_YOUR OBJECTIVE_:
Without any of its pictures, the listing below should be output exactly.

_INFORMATION PROVIDED_:
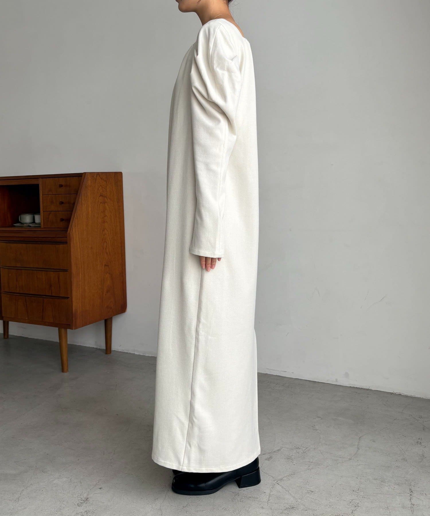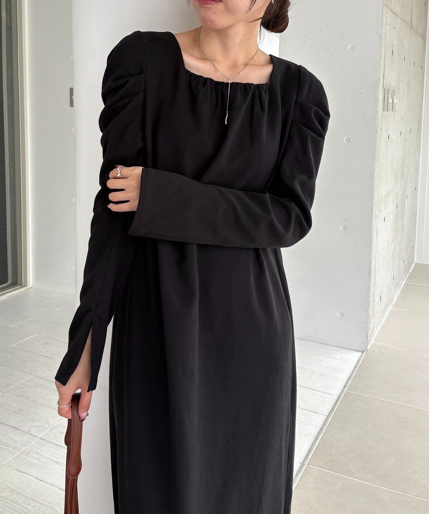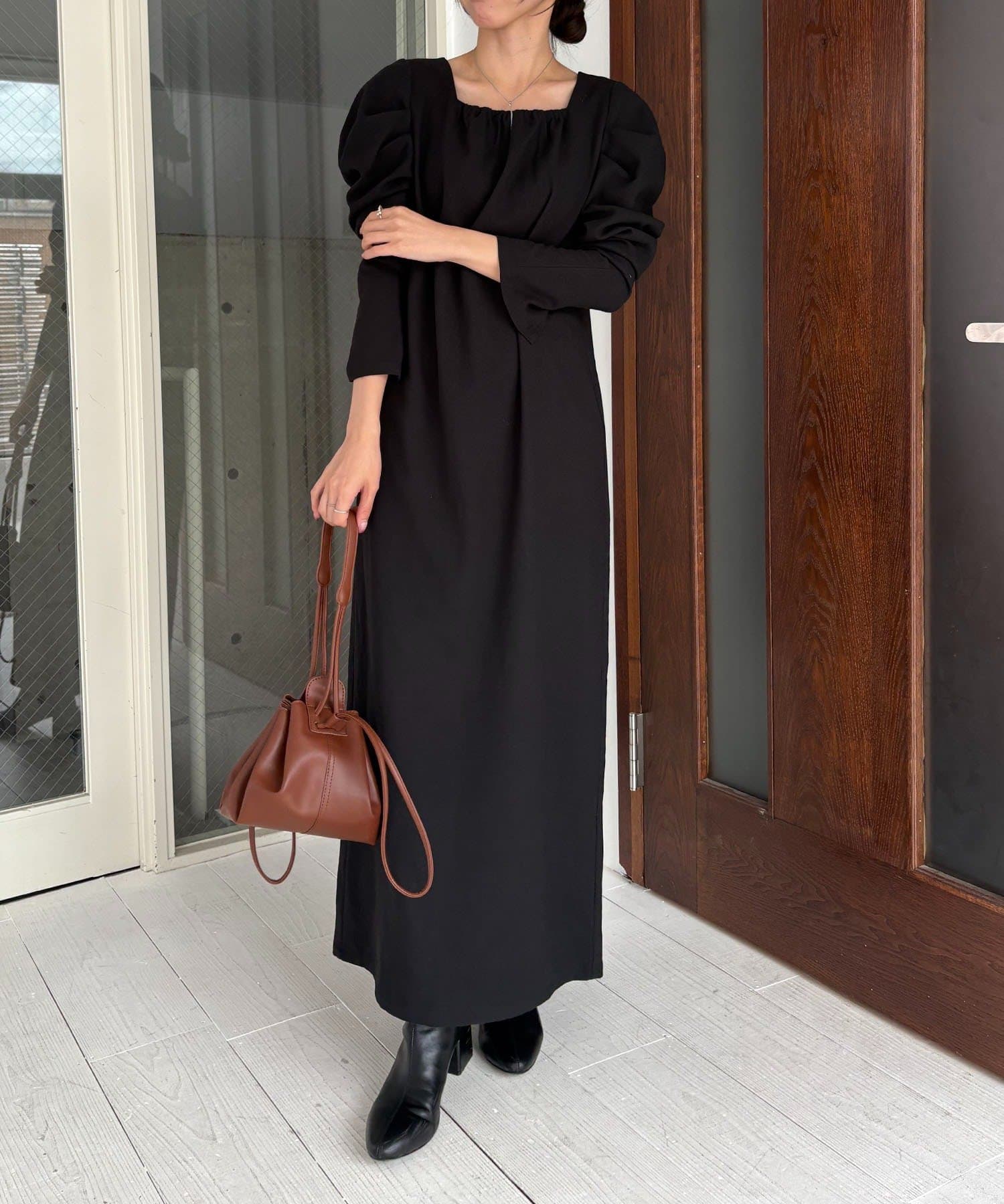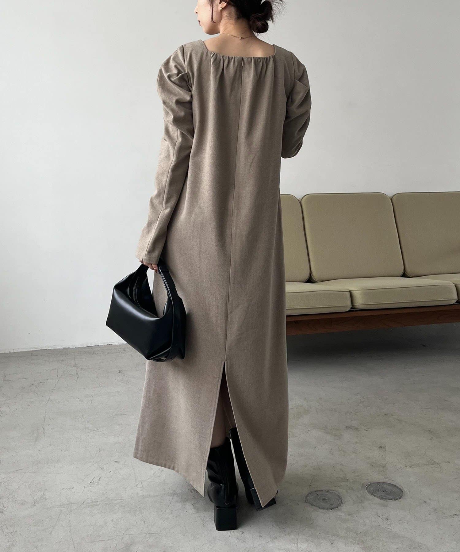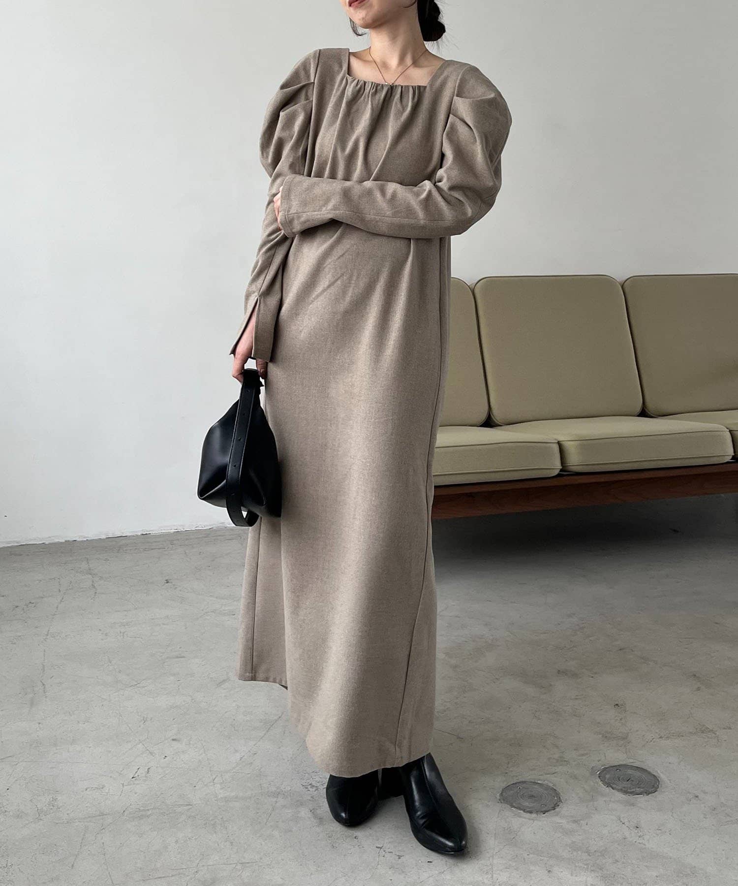 女性らしく抜け感のあるスクエアネックのワンピース
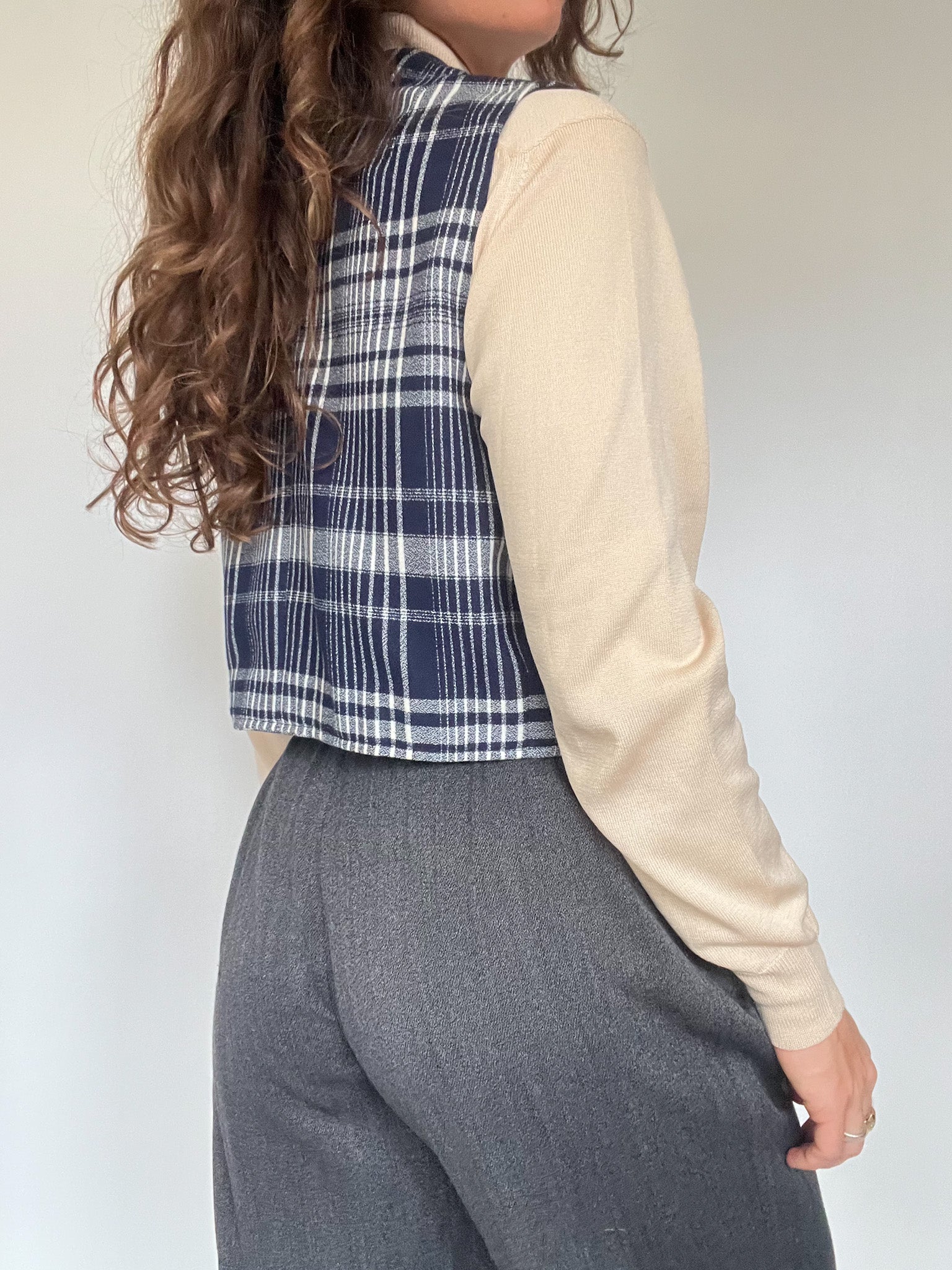 Vintage 80’s Navy & White Checkered Cropped Vest
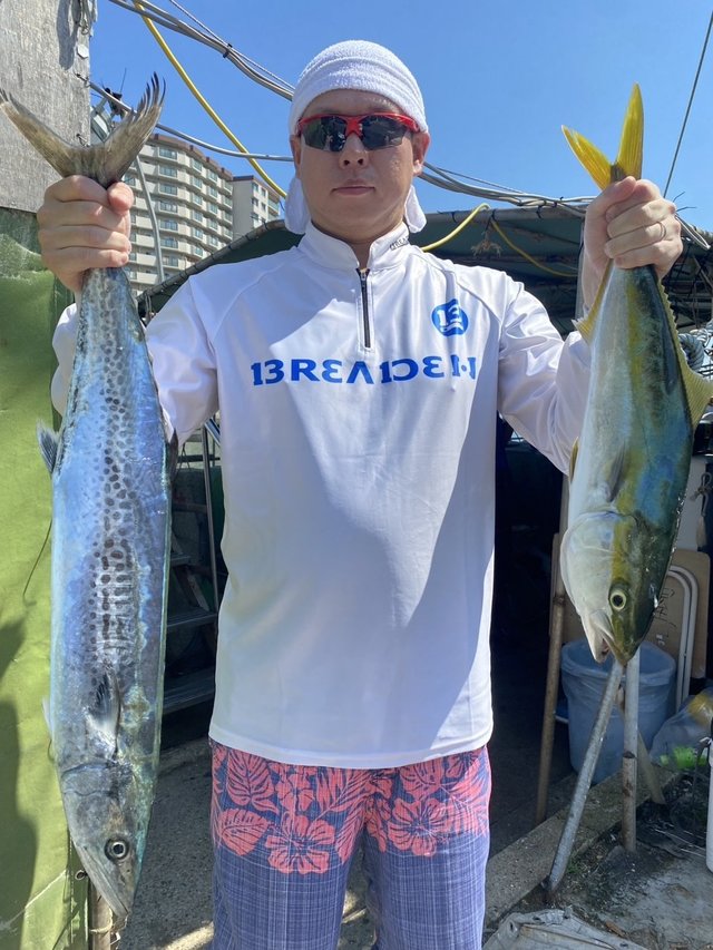 (ブリ)ハマチ(ブリ) サワラ 合計1匹 サゴシ 合計1匹 ジギング便 船中51本。(サワラ1本。サゴシ1本。ツバス〜ハマチ49本)リリース込み。 竿頭様9本でした! サワラ好調です!が、、、今日はあたりがあってもバラシやラインブレーク、サワラカッターなどで上がってきたのは1本のみ、、、難しいですね。 ツバス〜ハマチは中盤から元気いっぱい ですが、メジロは混ざらず、、、こちらも難しい。 それでも皆さん良くあてて釣って下さいました。 ありがとう御座います。 いつもお越しいただきありがとう御座います!最後までお疲れ様でしたm(__)m

_SOLUTION TO THE PROBLEM_:
 女性らしく抜け感のあるスクエアネックのワンピース
 Vintage 80’s Navy & White Checkered Cropped Vest
 (ブリ)ハマチ(ブリ) サワラ 合計1匹 サゴシ 合計1匹 ジギング便 船中51本。(サワラ1本。サゴシ1本。ツバス〜ハマチ49本)リリース込み。 竿頭様9本でした! サワラ好調です!が、、、今日はあたりがあってもバラシやラインブレーク、サワラカッターなどで上がってきたのは1本のみ、、、難しいですね。 ツバス〜ハマチは中盤から元気いっぱい ですが、メジロは混ざらず、、、こちらも難しい。 それでも皆さん良くあてて釣って下さいました。 ありがとう御座います。 いつもお越しいただきありがとう御座います!最後までお疲れ様でしたm(__)m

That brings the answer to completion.